_Records excerpted from a collection_
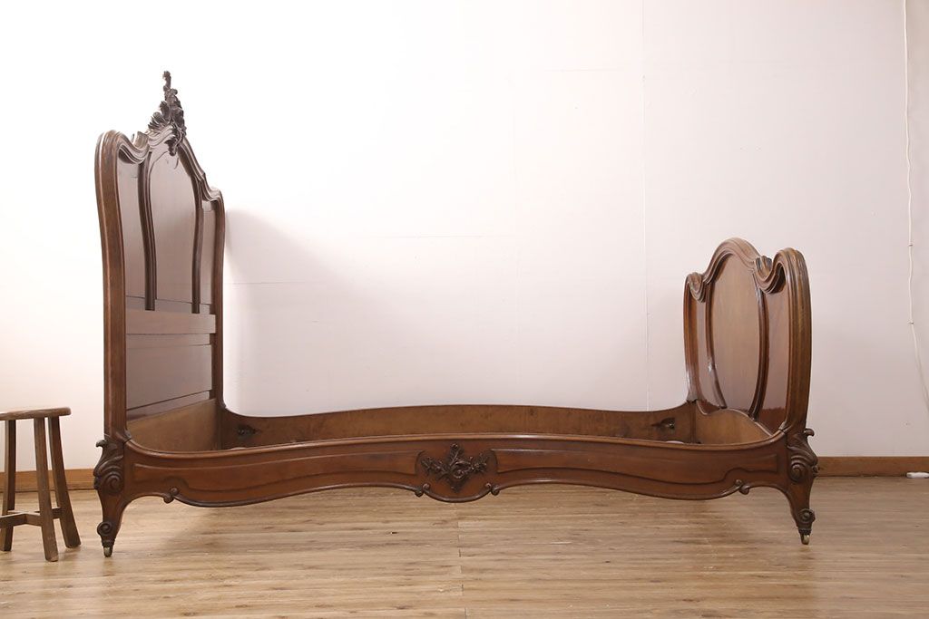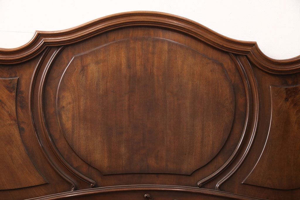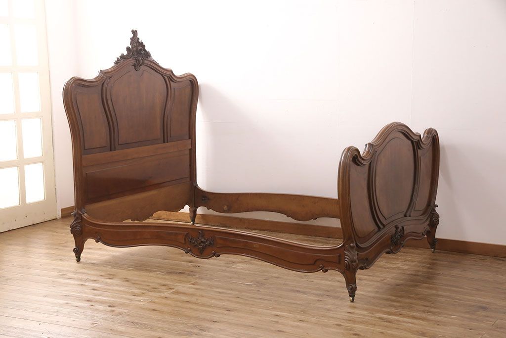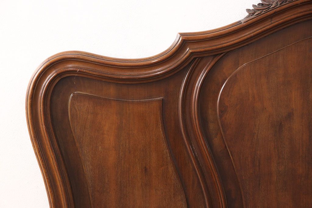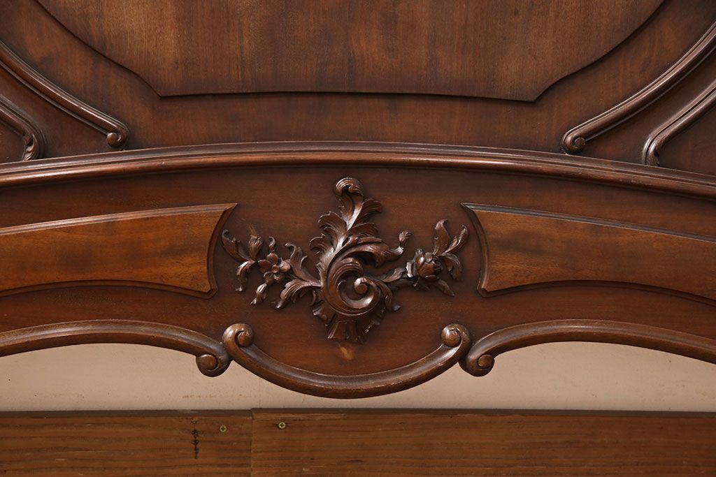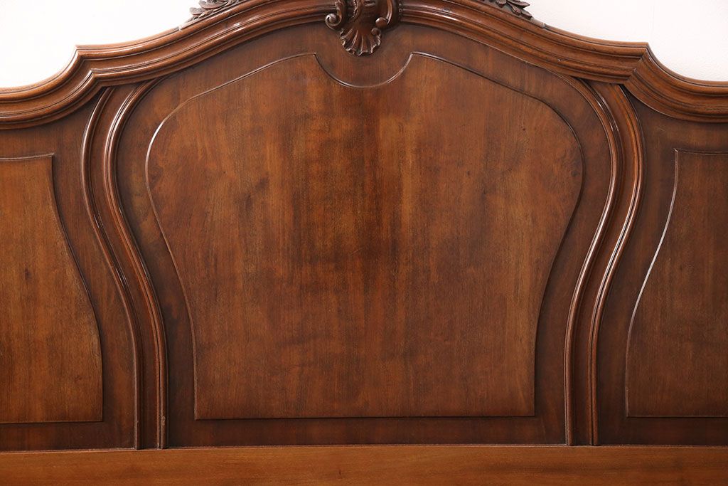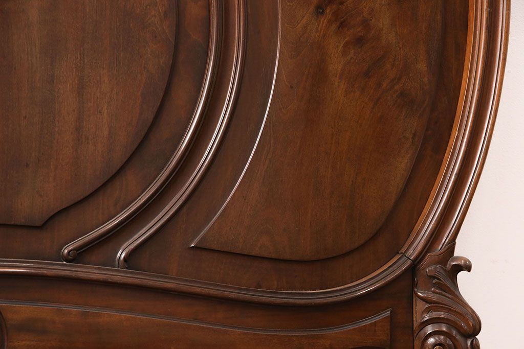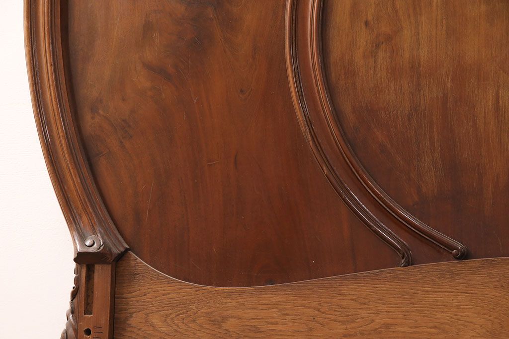 ラフジュ工房> ベッド > アンティーク家具 最高級 フランス マホガニー材 落ち着きのある色合いと素晴らしい彫刻がクラシカルな雰囲気を高めるベッドフレーム(セミダブル)(R-052735)
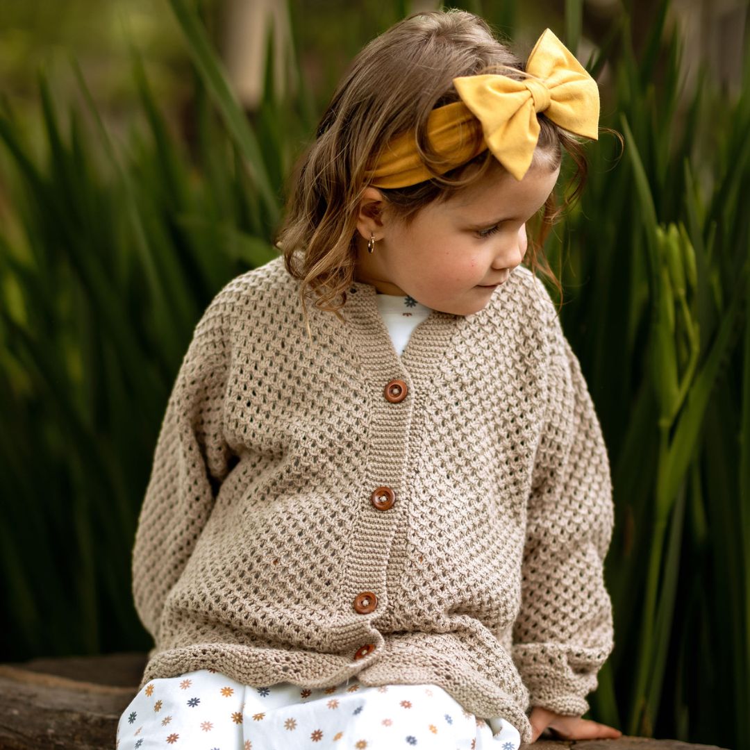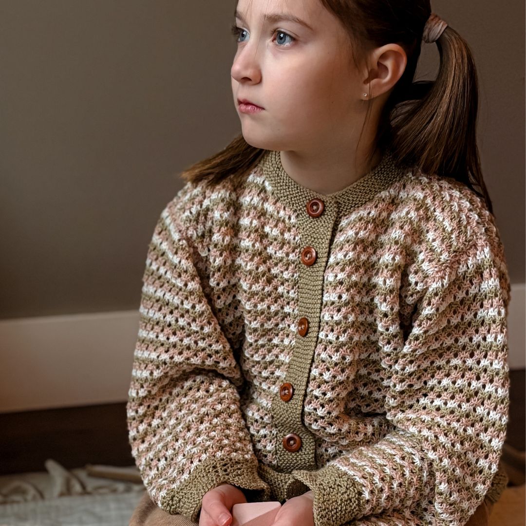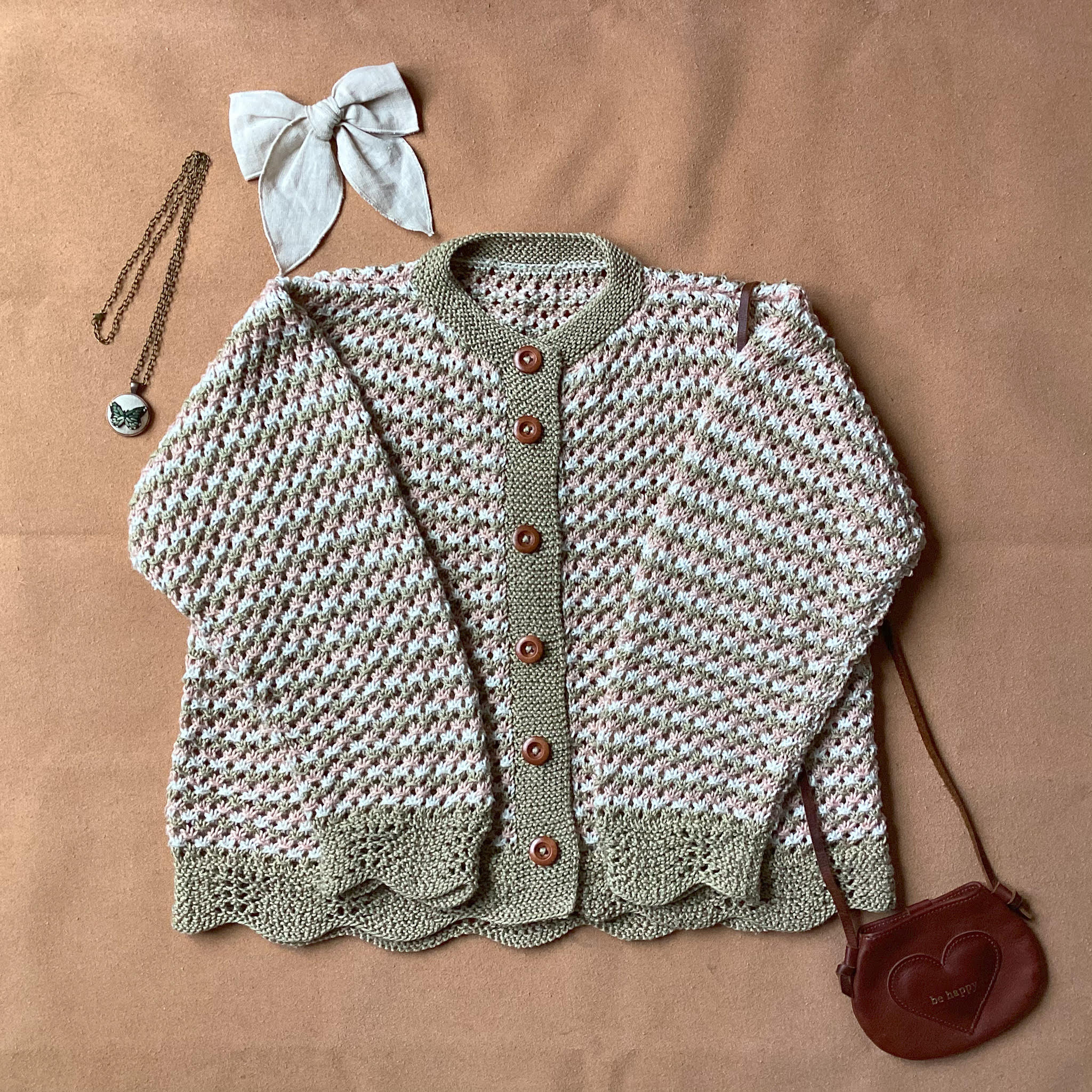 The Taylor Cardi captures that feeling perfectly. Hand knitted with care, it’s a blend of vintage charm and everyday practicality. Soft, scalloped edges, delicate lacework, and wooden buttons that feel as natural as the cotton it’s made from.
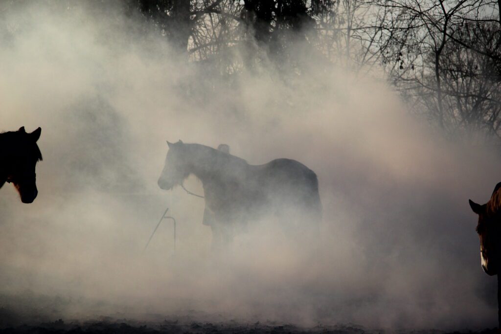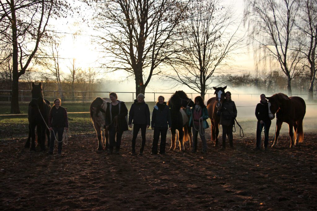 Während der Übung lernten wir weiter, unsere Pferde möglichst optimal zu lesen – und sie so zu unterstützen, dass sie uns sogar in diesen Momenten wörtlich „blind“ vertrauen könnten. Denn mitten im Nebel, war jedes Mal kurzzeitig tatsächlich nichts mehr zu sehen. Nachdem alle zunächst stehen blieben, konnten wir kurz darauf bereits mitten durch die Nebelschwaden mit gelassenen Pferden wandeln… Mit der langsam sinkenden Sonne im Hintergrund, wurde es hier nochmal so richtig magisch und verwünscht.
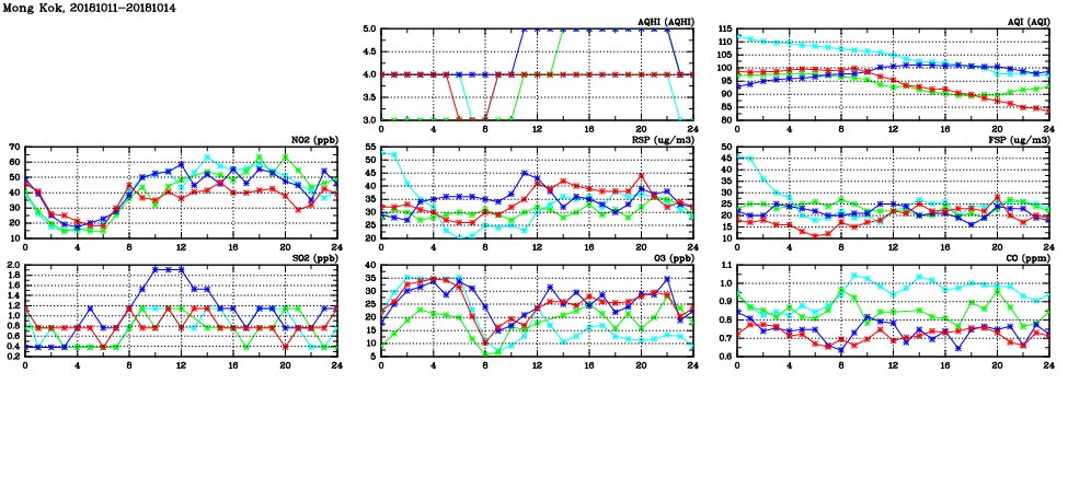 | Air Quality Data Time Series in Mong Kok (2018/10/14) | ( Line colors: Day -3 Day -2 Day -1 Current day ) | 2D Map Current AQHI |
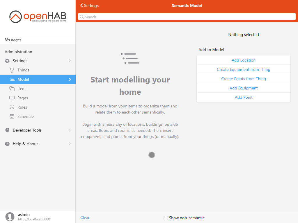 There are many ways to organize your items, one of which is to make use of the semantic model (descriptions for location, type of equipment and more). openHAB 3 makes extensive use of the semantic model to automatically create Pages (see next section) and to provide natural language interaction. Therefore we recommend creating the semantic model right from the start and sticking to it. This will make your life easier in the long run. Taking the time to understand and choose a logical structure for your home will save you from needing to re-do the work a second time in the future.
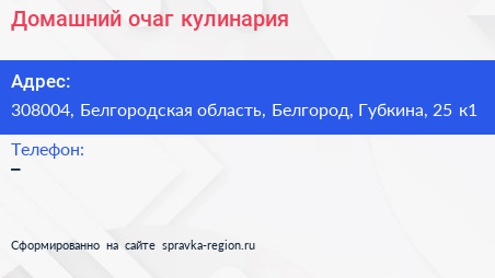 Домашний очаг, кулинария по адресу 308004, Белгородская область, Белгород, Губкина, 25 к1 в дальнейшем Организация, размещена в следующих категориях:

_ABOUT THIS TASK_
Omitting the images, output each record precisely as written.

_RESPONSE_
 ラフジュ工房> ベッド > アンティーク家具 最高級 フランス マホガニー材 落ち着きのある色合いと素晴らしい彫刻がクラシカルな雰囲気を高めるベッドフレーム(セミダブル)(R-052735)
 The Taylor Cardi captures that feeling perfectly. Hand knitted with care, it’s a blend of vintage charm and everyday practicality. Soft, scalloped edges, delicate lacework, and wooden buttons that feel as natural as the cotton it’s made from.
 Während der Übung lernten wir weiter, unsere Pferde möglichst optimal zu lesen – und sie so zu unterstützen, dass sie uns sogar in diesen Momenten wörtlich „blind“ vertrauen könnten. Denn mitten im Nebel, war jedes Mal kurzzeitig tatsächlich nichts mehr zu sehen. Nachdem alle zunächst stehen blieben, konnten wir kurz darauf bereits mitten durch die Nebelschwaden mit gelassenen Pferden wandeln… Mit der langsam sinkenden Sonne im Hintergrund, wurde es hier nochmal so richtig magisch und verwünscht.
 | Air Quality Data Time Series in Mong Kok (2018/10/14) | ( Line colors: Day -3 Day -2 Day -1 Current day ) | 2D Map Current AQHI |
 There are many ways to organize your items, one of which is to make use of the semantic model (descriptions for location, type of equipment and more). openHAB 3 makes extensive use of the semantic model to automatically create Pages (see next section) and to provide natural language interaction. Therefore we recommend creating the semantic model right from the start and sticking to it. This will make your life easier in the long run. Taking the time to understand and choose a logical structure for your home will save you from needing to re-do the work a second time in the future.
 Домашний очаг, кулинария по адресу 308004, Белгородская область, Белгород, Губкина, 25 к1 в дальнейшем Организация, размещена в следующих категориях:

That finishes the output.